Here is a simple instance of the densification trick in action. Suppose that one wishes to establish an estimate of the form

\displaystyle  {\bf E}_n {\bf E}_r f(n) g(n+r) h(n+r^2) = o(1) \ \ \ \ \ (1)

for some real-valued functions {f,g,h} which are bounded in magnitude by a weight function {\nu}, but which are not expected to be bounded; this average will naturally arise when trying to locate the pattern {(n,n+r,n+r^2)} in a set such as the primes. Here I will be vague as to exactly what range the parameters {n,r} are being averaged over. Suppose that the factor {g} (say) has enough uniformity that one can already show a smallness bound

\displaystyle  {\bf E}_n {\bf E}_r F(n) g(n+r) H(n+r^2) = o(1) \ \ \ \ \ (2)

whenever {F, H} are bounded functions. (One should think of {F,H} as being like the indicator functions of “dense” sets, in contrast to {f,h} which are like the normalised indicator functions of “sparse” sets). The bound (2) cannot be directly applied to control (1) because of the unbounded (or “sparse”) nature of {f} and {h}. However one can “densify” {f} and {h} as follows. Since {f} is bounded in magnitude by {\nu}, we can bound the left-hand side of (1) as

\displaystyle  {\bf E}_n \nu(n) | {\bf E}_r g(n+r) h(n+r^2) |.

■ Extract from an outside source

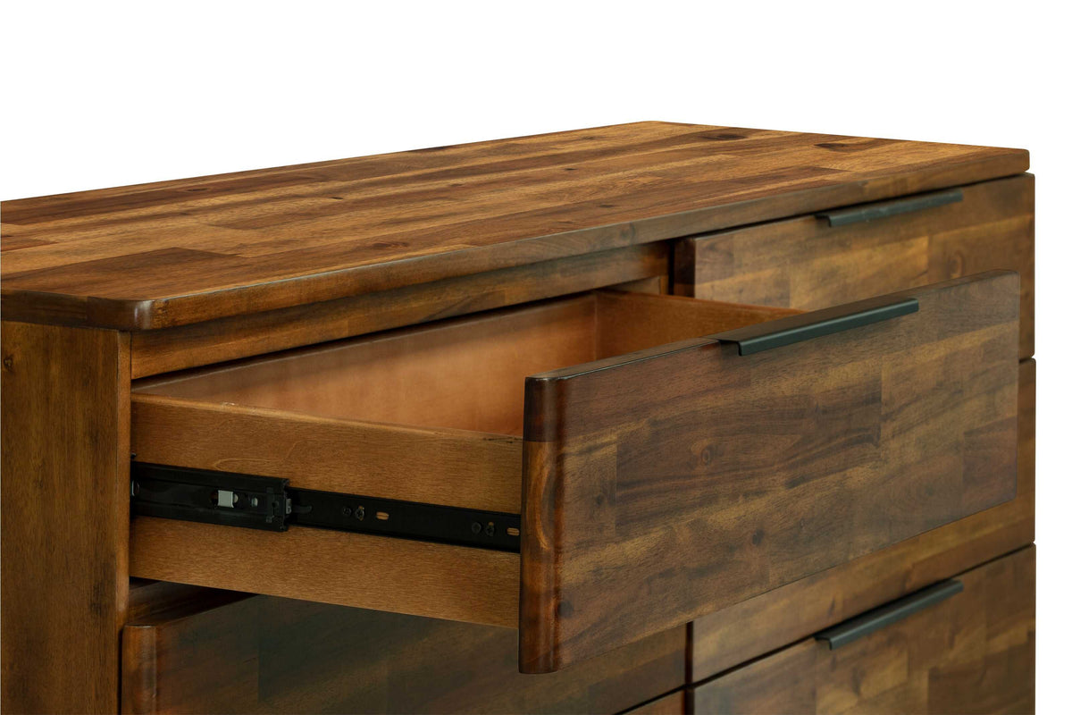 Add a little warmth to your space with this retro inspired Dresser. Hand crafted with solid acacia wood, featuring rounded...

The weight function {\nu} will be normalised so that {{\bf E}_n \nu(n) = O(1)}, so by the Cauchy-Schwarz inequality it suffices to show that

\displaystyle  {\bf E}_n \nu(n) | {\bf E}_r g(n+r) h(n+r^2) |^2 = o(1).

The left-hand side expands as

\displaystyle  {\bf E}_n {\bf E}_r {\bf E}_s \nu(n) g(n+r) h(n+r^2) g(n+s) h(n+s^2).

Now, it turns out that after an enormous (but finite) number of applications of the Cauchy-Schwarz inequality to steadily eliminate the {g,h} factors, as well as a certain “polynomial forms condition” hypothesis on {\nu}, one can show that

\displaystyle  {\bf E}_n {\bf E}_r {\bf E}_s (\nu-1)(n) g(n+r) h(n+r^2) g(n+s) h(n+s^2) = o(1).

(Because of the polynomial shifts, this requires a method known as “PET induction”, but let me skip over this point here.) In view of this estimate, we now just need to show that

\displaystyle  {\bf E}_n {\bf E}_r {\bf E}_s g(n+r) h(n+r^2) g(n+s) h(n+s^2) = o(1).

Now we can reverse the previous steps. First, we collapse back to

\displaystyle  {\bf E}_n | {\bf E}_r g(n+r) h(n+r^2) |^2 = o(1).

One can bound {|{\bf E}_r g(n+r) h(n+r^2)|} by {{\bf E}_r \nu(n+r) \nu(n+r^2)}, which can be shown to be “bounded on average” in a suitable sense (e.g. bounded {L^4} norm) via the aforementioned polynomial forms condition. Because of this and the Hölder inequality, the above estimate is equivalent to

\displaystyle  {\bf E}_n | {\bf E}_r g(n+r) h(n+r^2) | = o(1).

By setting {F} to be the signum of {{\bf E}_r g(n+r) h(n+r^2)}, this is equivalent to

\displaystyle  {\bf E}_n {\bf E}_r F(n) g(n+r) h(n+r^2) = o(1).

This is halfway between (1) and (2); the sparsely supported function {f} has been replaced by its “densification” {F}, but we have not yet densified {h} to {H}. However, one can shift {n} by {r^2} and repeat the above arguments to achieve a similar densificiation of {h}, at which point one has reduced (1) to (2).